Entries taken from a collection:
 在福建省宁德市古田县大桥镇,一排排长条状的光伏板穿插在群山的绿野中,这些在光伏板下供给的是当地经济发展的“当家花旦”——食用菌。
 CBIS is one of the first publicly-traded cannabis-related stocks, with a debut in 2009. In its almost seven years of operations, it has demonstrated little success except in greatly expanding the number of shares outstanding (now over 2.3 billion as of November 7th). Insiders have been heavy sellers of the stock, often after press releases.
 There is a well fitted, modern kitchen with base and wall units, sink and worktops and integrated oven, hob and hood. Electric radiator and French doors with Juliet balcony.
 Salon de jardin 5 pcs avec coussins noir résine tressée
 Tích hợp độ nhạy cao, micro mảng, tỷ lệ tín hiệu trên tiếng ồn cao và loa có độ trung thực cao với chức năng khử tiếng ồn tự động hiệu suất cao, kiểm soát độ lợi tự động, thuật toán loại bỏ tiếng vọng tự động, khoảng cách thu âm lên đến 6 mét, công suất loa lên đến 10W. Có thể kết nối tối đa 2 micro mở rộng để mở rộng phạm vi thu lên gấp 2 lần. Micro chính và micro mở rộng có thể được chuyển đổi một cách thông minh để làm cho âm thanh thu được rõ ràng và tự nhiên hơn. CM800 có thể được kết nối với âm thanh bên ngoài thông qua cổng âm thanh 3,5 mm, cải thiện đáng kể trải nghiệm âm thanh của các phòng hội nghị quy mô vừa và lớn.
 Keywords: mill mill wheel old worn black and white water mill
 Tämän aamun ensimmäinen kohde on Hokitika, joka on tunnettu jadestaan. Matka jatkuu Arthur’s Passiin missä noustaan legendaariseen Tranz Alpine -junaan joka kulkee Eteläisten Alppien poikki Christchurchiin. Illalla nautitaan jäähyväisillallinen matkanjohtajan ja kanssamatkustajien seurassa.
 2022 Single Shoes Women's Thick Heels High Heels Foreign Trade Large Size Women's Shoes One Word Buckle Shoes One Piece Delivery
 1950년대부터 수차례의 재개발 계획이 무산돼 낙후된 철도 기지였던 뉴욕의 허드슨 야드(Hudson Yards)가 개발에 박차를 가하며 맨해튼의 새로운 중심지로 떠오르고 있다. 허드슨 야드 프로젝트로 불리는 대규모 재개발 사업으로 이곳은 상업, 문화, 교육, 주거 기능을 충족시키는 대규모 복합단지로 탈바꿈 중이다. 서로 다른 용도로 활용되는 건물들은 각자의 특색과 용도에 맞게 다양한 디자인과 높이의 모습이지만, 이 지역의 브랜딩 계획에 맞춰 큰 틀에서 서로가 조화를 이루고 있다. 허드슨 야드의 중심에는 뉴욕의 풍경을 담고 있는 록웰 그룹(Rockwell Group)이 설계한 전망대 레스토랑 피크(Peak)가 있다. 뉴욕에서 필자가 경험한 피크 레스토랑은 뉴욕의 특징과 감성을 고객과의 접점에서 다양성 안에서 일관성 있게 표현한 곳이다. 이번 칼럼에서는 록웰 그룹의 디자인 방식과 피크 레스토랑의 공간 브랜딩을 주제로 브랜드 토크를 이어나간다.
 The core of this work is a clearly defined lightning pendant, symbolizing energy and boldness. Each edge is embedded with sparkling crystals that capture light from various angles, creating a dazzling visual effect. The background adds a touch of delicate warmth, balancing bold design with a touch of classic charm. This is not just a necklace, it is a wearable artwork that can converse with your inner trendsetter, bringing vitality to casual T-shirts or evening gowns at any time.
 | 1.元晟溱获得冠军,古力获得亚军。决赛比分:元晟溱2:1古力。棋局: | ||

What to produce: In the entries above, one line contains "CBIS is one" and another contains "2022 Single Shoes". Reproduce exactly those two lines and the lines between them, nothing else.

Answer area:
 CBIS is one of the first publicly-traded cannabis-related stocks, with a debut in 2009. In its almost seven years of operations, it has demonstrated little success except in greatly expanding the number of shares outstanding (now over 2.3 billion as of November 7th). Insiders have been heavy sellers of the stock, often after press releases.
 There is a well fitted, modern kitchen with base and wall units, sink and worktops and integrated oven, hob and hood. Electric radiator and French doors with Juliet balcony.
 Salon de jardin 5 pcs avec coussins noir résine tressée
 Tích hợp độ nhạy cao, micro mảng, tỷ lệ tín hiệu trên tiếng ồn cao và loa có độ trung thực cao với chức năng khử tiếng ồn tự động hiệu suất cao, kiểm soát độ lợi tự động, thuật toán loại bỏ tiếng vọng tự động, khoảng cách thu âm lên đến 6 mét, công suất loa lên đến 10W. Có thể kết nối tối đa 2 micro mở rộng để mở rộng phạm vi thu lên gấp 2 lần. Micro chính và micro mở rộng có thể được chuyển đổi một cách thông minh để làm cho âm thanh thu được rõ ràng và tự nhiên hơn. CM800 có thể được kết nối với âm thanh bên ngoài thông qua cổng âm thanh 3,5 mm, cải thiện đáng kể trải nghiệm âm thanh của các phòng hội nghị quy mô vừa và lớn.
 Keywords: mill mill wheel old worn black and white water mill
 Tämän aamun ensimmäinen kohde on Hokitika, joka on tunnettu jadestaan. Matka jatkuu Arthur’s Passiin missä noustaan legendaariseen Tranz Alpine -junaan joka kulkee Eteläisten Alppien poikki Christchurchiin. Illalla nautitaan jäähyväisillallinen matkanjohtajan ja kanssamatkustajien seurassa.
 2022 Single Shoes Women's Thick Heels High Heels Foreign Trade Large Size Women's Shoes One Word Buckle Shoes One Piece Delivery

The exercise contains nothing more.